■ **THE TASK**
Exactly as written, output the lines below starting from the first and ending with the line that contains "A sharp slap"; omit pictures.

■ **EXTRACTED DATA**

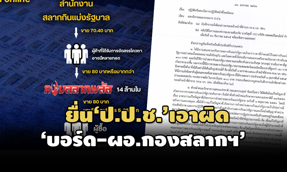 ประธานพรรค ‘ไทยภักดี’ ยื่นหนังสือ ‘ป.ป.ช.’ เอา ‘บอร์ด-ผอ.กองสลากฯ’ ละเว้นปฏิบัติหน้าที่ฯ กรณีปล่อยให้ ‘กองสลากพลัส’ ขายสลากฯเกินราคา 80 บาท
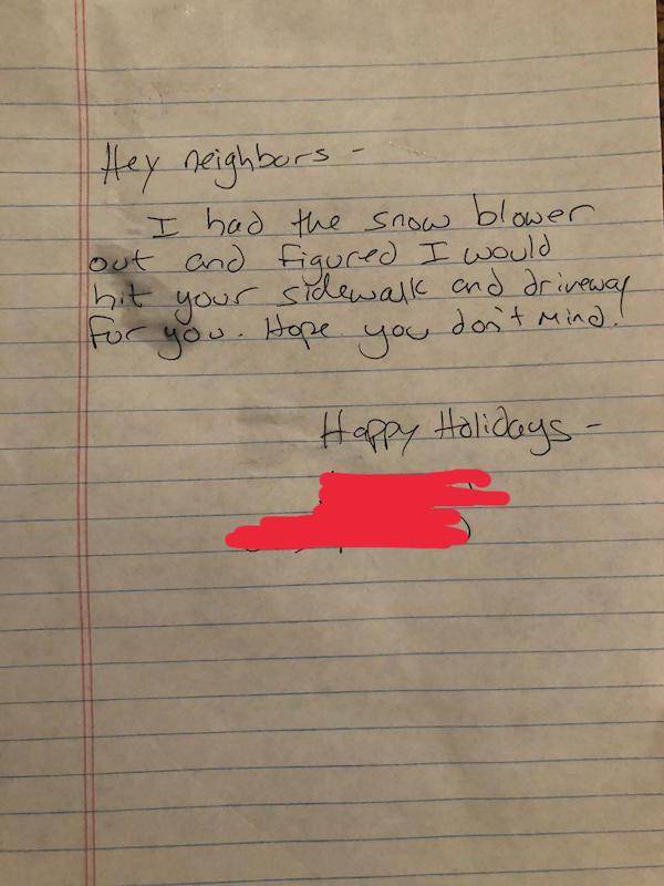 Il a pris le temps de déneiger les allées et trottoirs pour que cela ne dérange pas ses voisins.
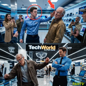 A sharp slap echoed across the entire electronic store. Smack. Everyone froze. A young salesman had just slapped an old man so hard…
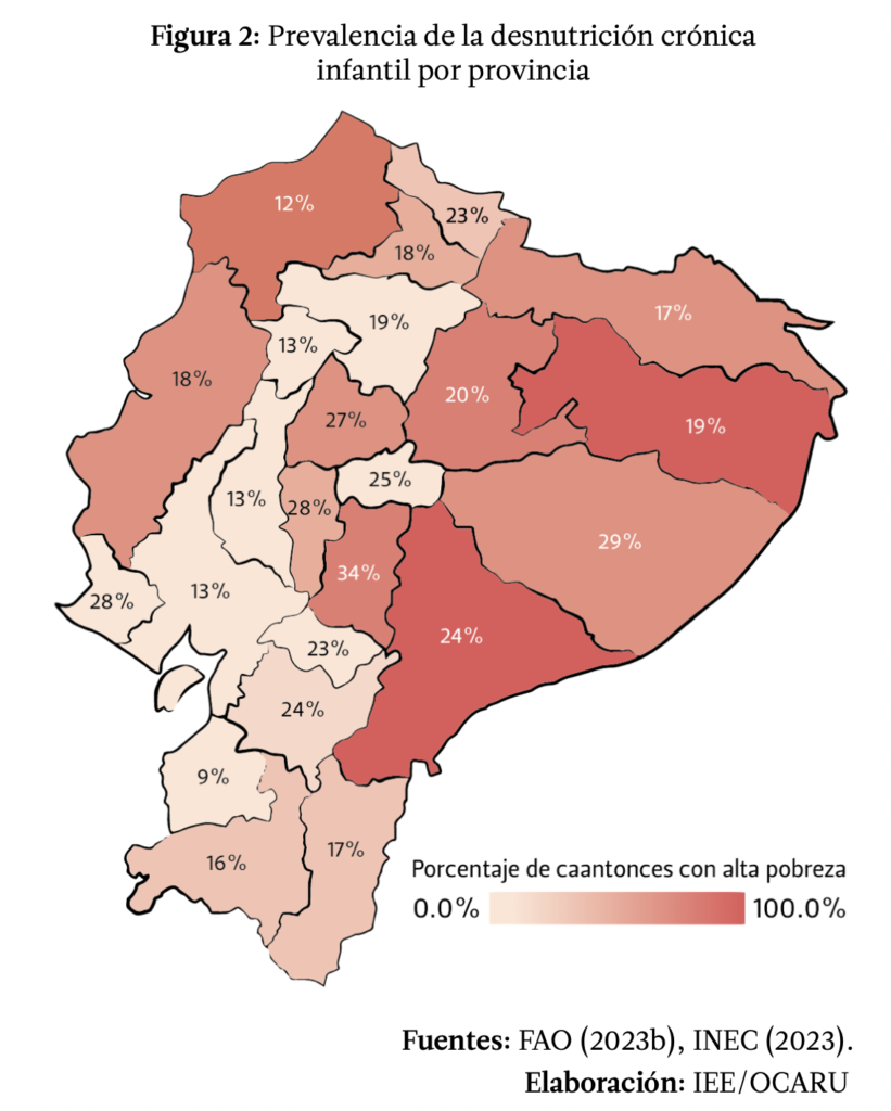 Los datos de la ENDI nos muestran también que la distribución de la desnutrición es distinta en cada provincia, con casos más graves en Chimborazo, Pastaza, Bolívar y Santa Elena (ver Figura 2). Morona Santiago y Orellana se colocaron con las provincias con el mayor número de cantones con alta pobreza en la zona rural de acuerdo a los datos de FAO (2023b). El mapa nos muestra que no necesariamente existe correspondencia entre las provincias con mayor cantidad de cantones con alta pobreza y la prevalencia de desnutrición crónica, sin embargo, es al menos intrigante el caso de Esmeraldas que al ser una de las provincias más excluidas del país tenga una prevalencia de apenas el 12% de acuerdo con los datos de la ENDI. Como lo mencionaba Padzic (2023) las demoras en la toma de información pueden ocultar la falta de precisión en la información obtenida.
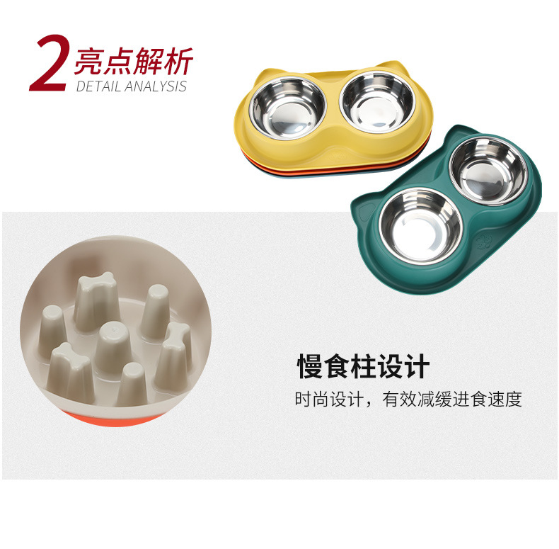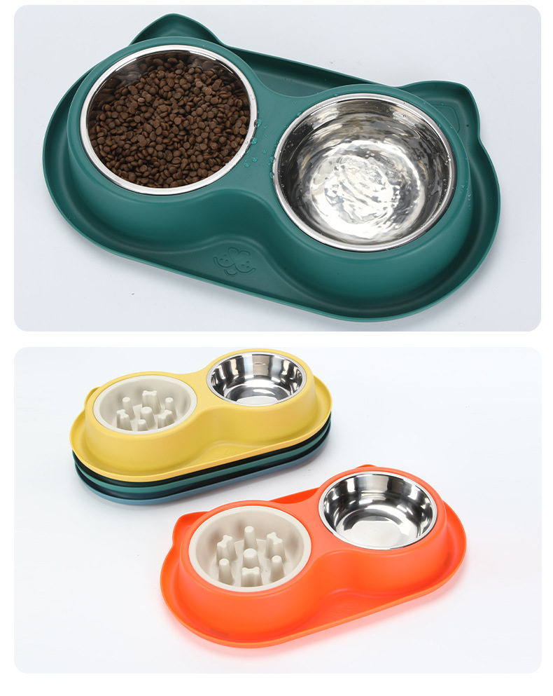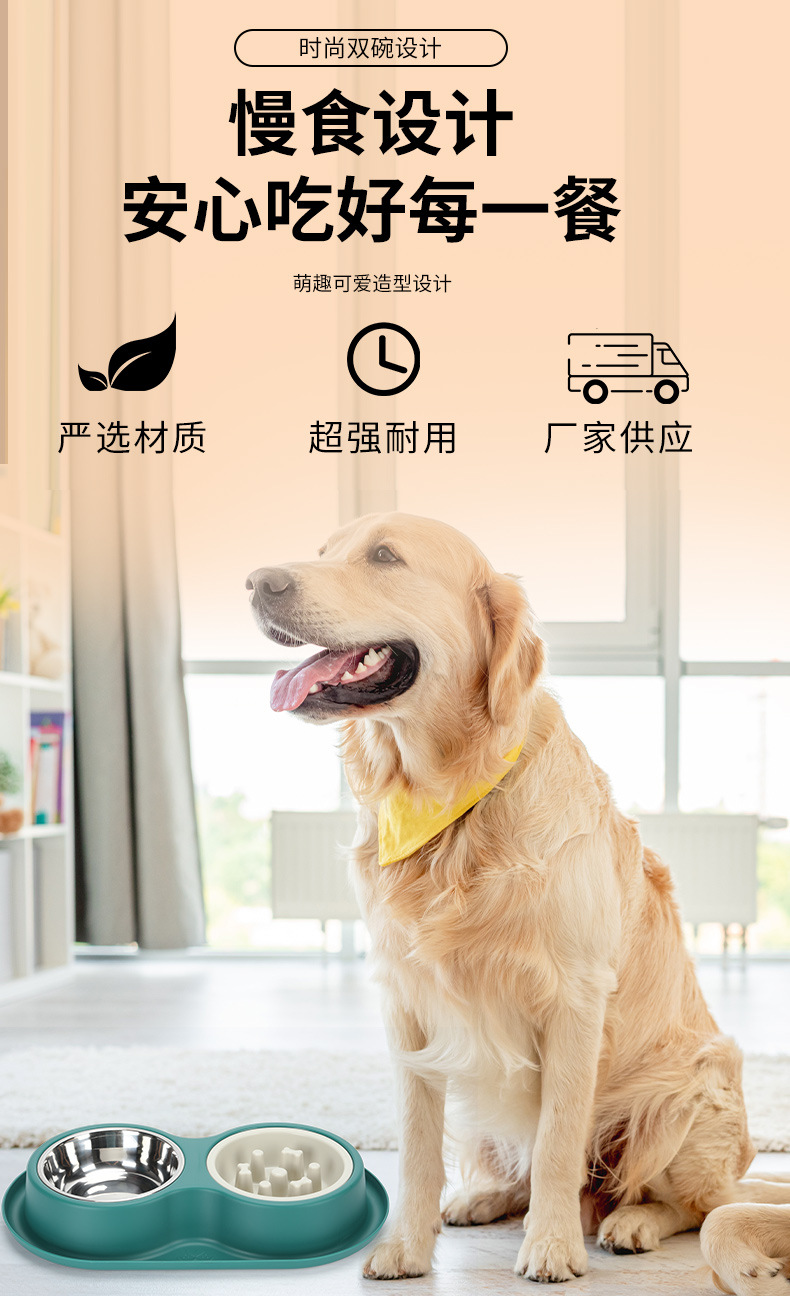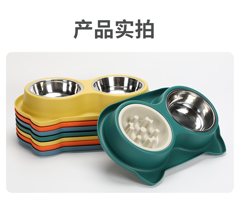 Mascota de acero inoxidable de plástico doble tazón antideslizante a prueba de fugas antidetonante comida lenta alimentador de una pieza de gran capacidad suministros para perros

■ **ANSWER FOR THIS EXERCISE**
 ประธานพรรค ‘ไทยภักดี’ ยื่นหนังสือ ‘ป.ป.ช.’ เอา ‘บอร์ด-ผอ.กองสลากฯ’ ละเว้นปฏิบัติหน้าที่ฯ กรณีปล่อยให้ ‘กองสลากพลัส’ ขายสลากฯเกินราคา 80 บาท
 Il a pris le temps de déneiger les allées et trottoirs pour que cela ne dérange pas ses voisins.
 A sharp slap echoed across the entire electronic store. Smack. Everyone froze. A young salesman had just slapped an old man so hard…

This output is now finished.